# Python Day 1
----
____
____
**Goals for Today**
- Learn to import useful packages
- Learn basic File I/O using NumPy

## Package Import
----
____
To import a package you simpy type `import <package name>`. In the code box below (between the quotes) try typing `import numpy`. Then run the code cell. From now on, you if you are told to type text in a cell, go ahead and run it.

In [None]:
### Place your code below here

### Place your code above here
numpy.random.rand(20)

It is also possible to import a package using an alias that you define or import a specific function from a package. Between the first set of quotes in the cell below try typing `import numpy as np`.

In [None]:
### Place your code below here

### Place your code above here
np.random.rand(20)

The two code blocks above do the exact same thing (generate a numpy array with 20 random elements). In the first case we simply imported the package, so we use it's full name. In the second case, we decided to call it **np**. It is possible to use any string of letters as an alias as long as it doesn't coencide with the name of another package or function. *That would just be confusing.*

Most [coding practices](https://www.python.org/dev/peps/pep-0008/#imports) discourage importing entire packages (especially custom packages). Instead it is often better do import specific functions. This is called an **absolute import**. These types of imports are often make your code more readable and better behaved, but they are not always neccessary. In the first code cell below try typing `from numpy import random`. In the second code cell try typing `from numpy.random import rand`.

In [None]:
### Place your first code below here

### Place your first code above here
random.rand(20)

In [None]:
### Place your second code below here

### Place your second code above here
rand(20)

The second code is an instance of an **absolute import**, because when the function is called with only one name. It is also possible to import all functions in a package at once using a wildcard: `*`. This is often frowned upon because it reduces the readability of your code and can confuse some automated tools.

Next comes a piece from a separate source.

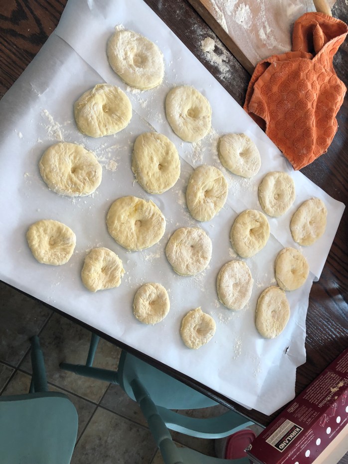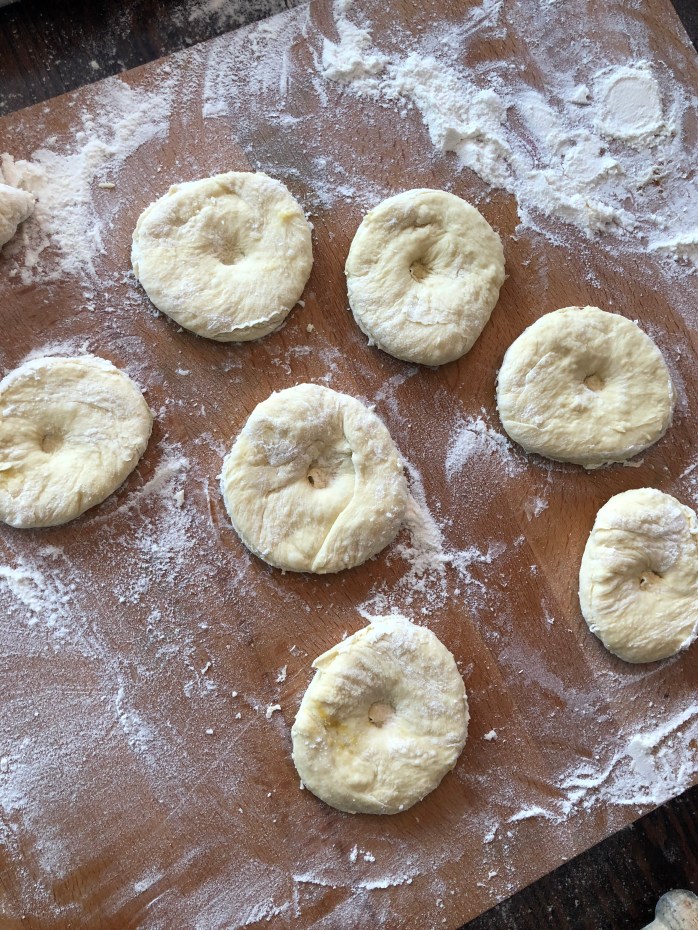 Roll out the dough on a well floured surface. You might want to flour your hands before you transfer the dough because it will be sticky. Roll it out and cut out circles. I used a small bowel for the larger doughnats and a glass for smaller ones.

We will learn more practical uses for wildcards in the Linux section of this course.



Normally, it is best practice to do all imports at the top of the page. We will do this for the homework later on.

## File Input
----
____
We will be using the data shown in the previous tutorial from the U.S. Geological Survey. We will be looking at the data in a format called iaga2002.

<u>Geomagnetic data from January 17, 2018</u> :
- [iaga2002 data with basic column header format](https://geomag.usgs.gov/ws/edge/?id=BOU&starttime=2018-01-17)

** Download the data and save it in the same folder as this Jupyter notebook**

Use VIM to remove the heading from the iaga2002 data, making sure to take note of what eaching column represents.

### File Input with Numpy
---
NumPy arrays can read in files using the [`genfromtxt` function](https://docs.scipy.org/doc/numpy-1.13.0/reference/generated/numpy.genfromtxt.html). Try running `np.genfromtxt('geomag_iaga2002.txt')` in the code cell below.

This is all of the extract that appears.